Recuerdo que, cuando leía La saliva del sol, todos los poemas me invitaban a escribir un relato sobre aquello que el poema decía o contaba. Algún intento hice. Y es que Manuel consigue pintar escenas, acontecimientos, lugares y paisajes con una riqueza de tonos y matices absolutamente impresionante, e impresionando en su sentido etimológico, que impresiona, que hace sentir de una manera sobrecogedora. A través de unas metáforas nada convencionales, Manuel consigue transmitir aquello que solo la poesía puede hacer: consigue capturar el alma de las cosas, su espíritu, su esencia verdadera. Las descripciones de nuestro autor no solo reflejan las cualidades sensibles de las cosas, sino aquello que son íntimamente y lo que íntimamente nos sugieren y nos hacen sentir. Y lo hace, con unas metáforas absolutamente conseguidas que dicen lo que con la literalidad no se puede decir. Hace muchos años, cuando escribía aforismos, escribí uno que decía: “La poesía es una mentira creadora de sentimientos”. Pues bien, esto resulta ahora especialmente adecuado para explicar lo que consiguen estas metáforas. Aquello que dicen es literalmente falso cuando no absurdo, pero logran transmitir verdades hondas, profundas que el lenguaje convencional no puede decir. Manuel consigue decir estas verdades, verdades emocionales podríamos denominarlas, con unas metáforas que se basan en una adjetivación que innova y sorprende, que es cuidadosa y precisa, reveladora de matices y esencias insospechadas que, aun así, enseguida reconocemos como reales o surreales, que dicen lo que es verdaderamente, aquello que siempre se nos ha ocultado y ahora se nos revela como una explosión de claridad y comprensión.
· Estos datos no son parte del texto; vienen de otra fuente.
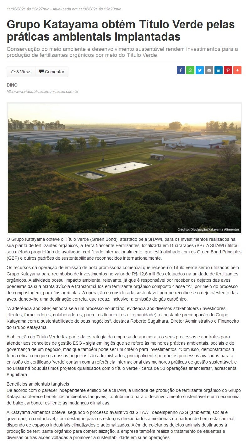 Grupo Katayama obtém Título Verde pelas práticas ambientais implantadas

Lo hace buscando el adjetivo preciso, esculpiendo el lenguaje trabajosamente, cincelándolo con pasión y fuerza, y con una precisión que sorprende. Manuel es un picapedrero del lenguaje, un trabajador esforzado, un artesano dotado de un talento especial. Solo unos cuántos ejemplos de esto que digo. En el poema “Viento del Oeste”, dice “Este viento de silbo cirujano” y se imagina enseguida aquel viento gélido que corta. No hacen falta más palabras ni más precisiones: conciso y exacto. También habla allí mismo de un “viento de bríos costureros”, un viento que “le inventa a todo un traje de infinito,/ convierte a la palmera/ en brújula que apunta al extravío”. En otros poemas habla de “nieve pajarera”, de “salmo invertebrado”, de “los muñones de la escayola enferma” o de “músculos de aceite y de ventiscas” y de “nervios de tabaco e intemperie”. Para él, una amapola es “un coágulo de furia entre las piedras” y las brasas son “pétalos de luz”. Y crea imágenes tan penetrantes como esta: “una mujer amasa la mañana/ encorvada de luto y de cristales/ guarda el mar en los ojos de sus hijos”.
Es por eso que digo que Manuel capta y expresa de una manera fulgurante la esencia anímica de las cosas. La suya es una poesía orgánica y mineral a la vez, del hueso y de la carne. Podríamos decir, si la palabra no estuviera tan gastada y no tuviera las connotaciones que tiene, que es una poesía ecológica, que patentiza el alma de la naturaleza, que nos la muestra viva y animada. Una poesía animista. Es una mentira creadora de sentimientos. Él mismo dice en un poema que “el poeta es un impostor” y me ha gustado esta coincidencia en la concepción de este oficio. El poeta se erige en portavoz nuestro y consigue expresar por nosotros aquellas sensaciones, aquellas añoranzas y anhelos que no sabríamos expresar. El poeta nos hurta la voz, la voz de nuestras emociones, amplifica las suyas para recoger y potenciar las nuestras. Y cuando lo sentimos, enseguida le agradecemos el hurto y queremos que continúe en su impostura que tan bien refleja nuestra verdad. La poesía, podríamos decir, finalmente, es aquella mentira, aquel tipo de mentira que constituye la única manera de expresar las verdades más hondas. Esto hace la poesía, la buena poesía, y la de Manuel lo es.

Tobies Grimaltos

(Catedrático de Filosofia al Departament de Metafísica i Teoria del Coneixement de la Universitat de València )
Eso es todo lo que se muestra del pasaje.